Finding the repeated element

In 开发者_运维百科an array with integers between 1 and 1,000,000 or say some very larger value ,if a single value is occurring twice twice. How do you determine which one?

I think we can use a bitmap to mark the elements , and then traverse allover again to find out the repeated element . But , i think it is a process with high complexity.Is there any better way ?

This sounds like homework or an interview question ... so rather than giving away the answer, here's a hint.

What calculations can you do on a range of integers whose answer you can determine ahead of time?

Once you realize the answer to this, you should be able to figure it out .... if you still can't figure it out ... (and it's not homework) I'll post the solution :)

EDIT: Ok. So here's the elegant solution ... if the list contains ALL of the integers within the range.

We know that all of the values between 1 and N must exist in the list. Using Guass' formula we can quickly compute the expected value of a range of integers:

Sum(1..N) = 1/2 * (1 + N) * Count(1..N).

Since we know the expected sum, all we have to do is loop through all the values and sum their values. The different between this sum and the expected sum is the duplicate value.

EDIT: As other's have commented, the question doesn't state that the range contains all of the integers ... in this case, you have to decide whether you want to optimize for memory or time.

If you want to perform the operation using O(1) storage, you can perform an in-place sort of the list. As you're sorting you have to check adjacent elements. Once you see a duplicate, you know you can stop. Optimal sorting is an O(n log n) operation on average - which establishes an upper bound for find the duplicate in this manner.

If you want to optimize for speed, you can use an additional O(n) storage. Using a HashSet (or similar structure), insert values from your list until you determine you are inserting a duplicate into the HashSet. Inserting n items into a HashSet is an O(n) operation on average, which establishes that as an upper bound for this method.

you may try to use bits as hashmap:

1 at position k means that number k occured before

0 at position k means that number k did not occured before

pseudocode:

0. assume that your array is A
1. initialize bitarray(there is nice class in c# for this) of 1000000 length filled with zeros
2. for each num in A:
   if bitarray[num] 
      return num
   else
      bitarray[num] = 1
   end

The time complexity of the bitmap solution is O(n) and it doesn't seem like you could do better than that. However it will take up a lot of memory for a generic list of numbers. Sorting the numbers is an obvious way to detect duplicates and doesn't require extra space if you don't mind the current order changing.

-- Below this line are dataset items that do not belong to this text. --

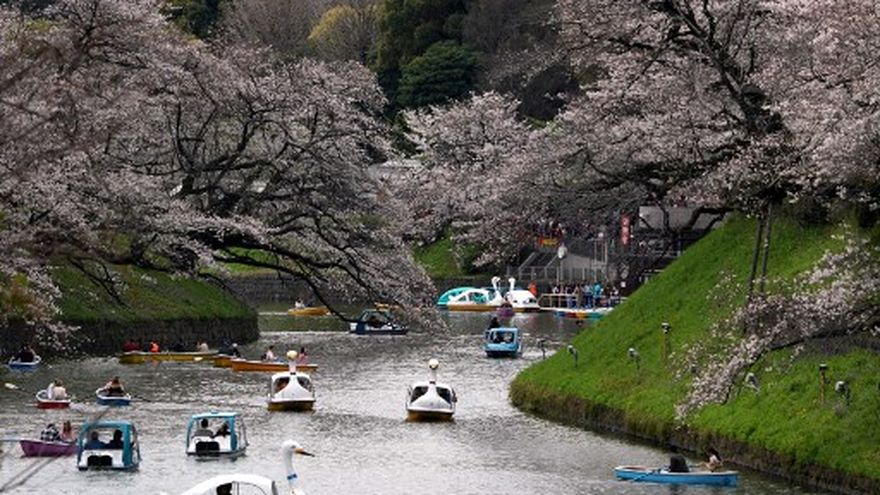 Las elegantes ramas oscuras repletas de flores blancas y amarillas (conocidas como "sakura" en japonés) se extendían por el foso del Palacio Imperial, para satisfacción de los curiosos que acudieron a tomarse fotos o simplemente contemplar el espectáculo.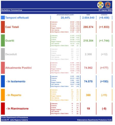 – Reggio Calabria: CASI ATTIVI 13.214 (114 in reparto, 4 in terapia intensiva, 13.096 in isolamento domiciliare); CASI CHIUSI 105.374 (104.673 guariti, 701 deceduti).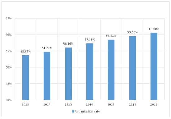 Annual urbanization rate in China (2013–2019). Data Source: National Statistics Bureau.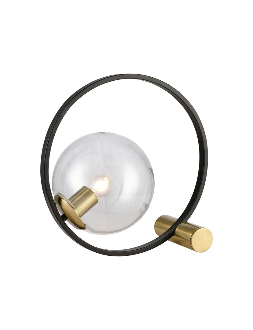 Using the cornerstones of Midcentury design, the Ayla desk lamp plays with form and function. The bulb is housed in a glass orb within a steel ring and is counter balanced by a metal footing. Black and honey brass finishes tie the chic look together.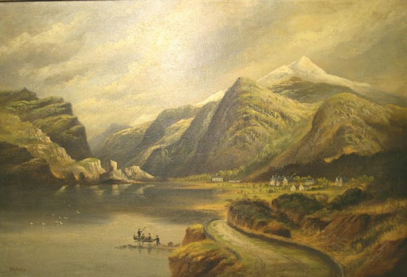 | WELSH MOUNTAINOUS LANDSCAPE WITH TOWER RUIN , a sea inlet with figures in a rowing boat to foreground, a collection of houses be | |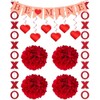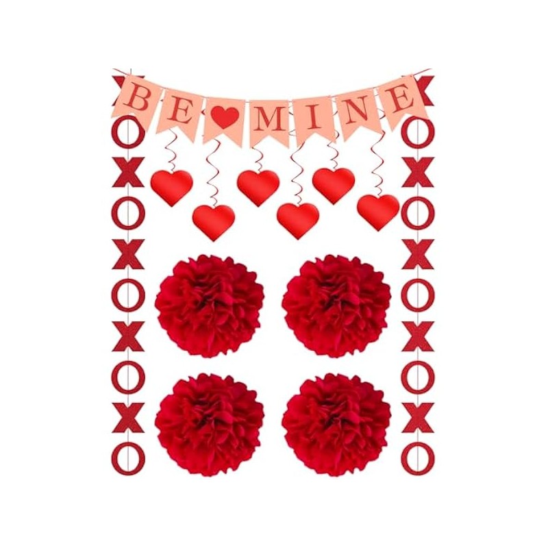 Valentines Decorations Set, Handmade Paper Heart Swirls XO Garlands BE Mine Banner, Red, Irregularly Shaped, Paper, Decoration, Garland, Banner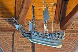 - okazały model z 1909, żaglowca Kolumbia, z 1668,, zawieszony wg legendy jako wotum za ocalenie podczas sztormu na Zalewie Szczecińskim,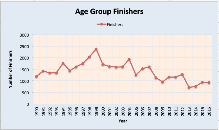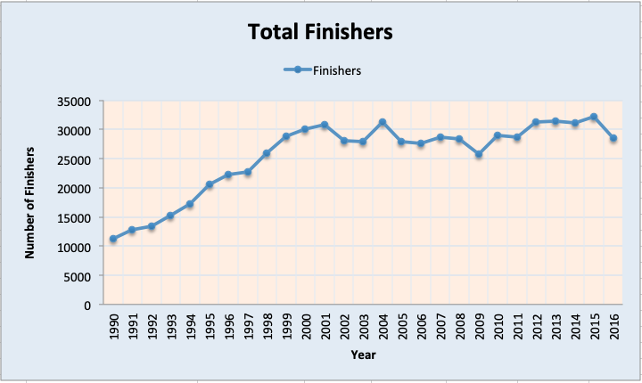 Total Finishers: This shows the total number of finishers over the years. A steady

Assuming the array is of length n < N (i.e. not ALL integers are present -- in this case LBushkin's trick is the answer to this homework problem), there is no way to solve this problem using less than O(n) memory using an algorithm that just takes a single pass through the array. This is by reduction to the set disjointness problem.

Suppose I made the problem easier, and I promised you that the duplicate elements were in the array such that the first one was in the first n/2 elements, and the second one was in the last n/2 elements. Now we can think of playing a game in which two people each hold a string of n/2 elements, and want to know how many messages they have to send to be sure that none of their elements are the same. Since the first player could simulate the run of any algorithm that takes a pass through the array, and send the contents of its memory to the second player, a lower bound on the number of messages they need to send implies a lower bound on the memory requirements of any algorithm.

But its easy to see in this simple game that they need to send n/2 messages to be sure that they don't hold any of the same elements, which yields the lower bound.

Edit: This generalizes to show that for algorithms that make k passes through the array and use memory m, that m*k = Omega(n). And it is easy to see that you can in fact trade off memory for time in this way.

Of course, if you are willing to use algorithms that don't simply take passes through the array, you can do better as suggested already: sort the array, then take 1 pass through. This takes time O(nlogn) and space O(1). But note curiously that this proves that any sorting algorithm that just makes passes through the array must take time Omega(n^2)! Sorting algorithms that break the n^2 bound must make random accesses.